Task prompt
From the entries below, output the line with "공정위는 김 의장의 친족이" and each following line up to and including the line with "As Purdue was", exactly as written.
[Entries provided — start]
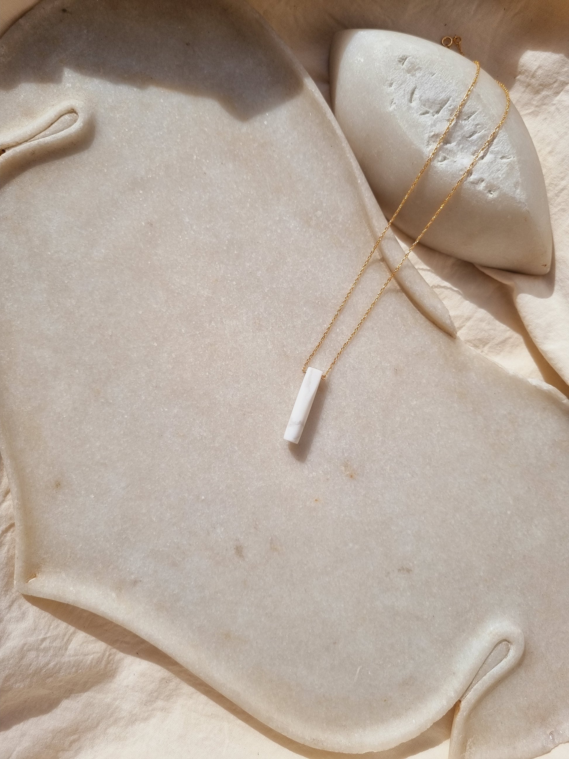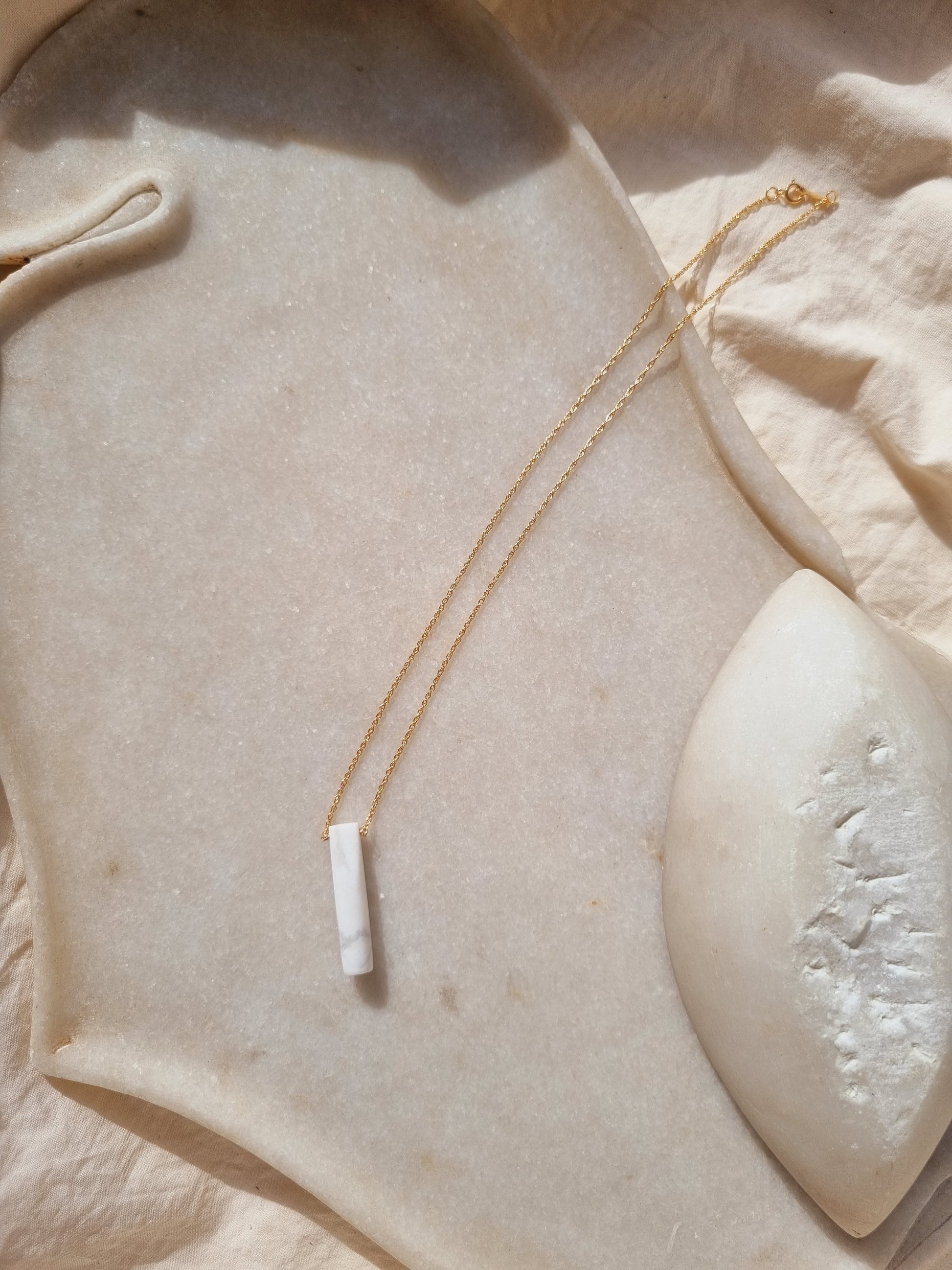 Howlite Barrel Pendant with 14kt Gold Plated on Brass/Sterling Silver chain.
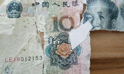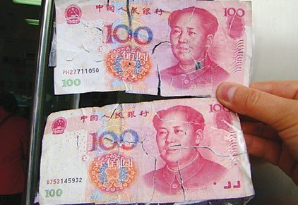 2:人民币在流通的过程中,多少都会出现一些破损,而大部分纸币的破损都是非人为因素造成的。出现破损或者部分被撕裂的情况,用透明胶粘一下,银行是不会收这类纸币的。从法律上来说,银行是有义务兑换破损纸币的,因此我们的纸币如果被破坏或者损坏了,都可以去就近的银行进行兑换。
[Entries provided — finish]
[Entries provided — start]
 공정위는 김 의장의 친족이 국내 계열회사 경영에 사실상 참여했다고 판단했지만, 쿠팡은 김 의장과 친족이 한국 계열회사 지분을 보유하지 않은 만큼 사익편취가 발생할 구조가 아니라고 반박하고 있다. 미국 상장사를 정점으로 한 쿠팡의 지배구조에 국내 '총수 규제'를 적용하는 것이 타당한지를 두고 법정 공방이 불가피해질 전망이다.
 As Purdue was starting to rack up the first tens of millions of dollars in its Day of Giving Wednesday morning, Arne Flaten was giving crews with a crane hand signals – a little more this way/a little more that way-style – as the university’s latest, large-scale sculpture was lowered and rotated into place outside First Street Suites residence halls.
[Entries provided — finish]
Answer section
 공정위는 김 의장의 친족이 국내 계열회사 경영에 사실상 참여했다고 판단했지만, 쿠팡은 김 의장과 친족이 한국 계열회사 지분을 보유하지 않은 만큼 사익편취가 발생할 구조가 아니라고 반박하고 있다. 미국 상장사를 정점으로 한 쿠팡의 지배구조에 국내 '총수 규제'를 적용하는 것이 타당한지를 두고 법정 공방이 불가피해질 전망이다.
 As Purdue was starting to rack up the first tens of millions of dollars in its Day of Giving Wednesday morning, Arne Flaten was giving crews with a crane hand signals – a little more this way/a little more that way-style – as the university’s latest, large-scale sculpture was lowered and rotated into place outside First Street Suites residence halls.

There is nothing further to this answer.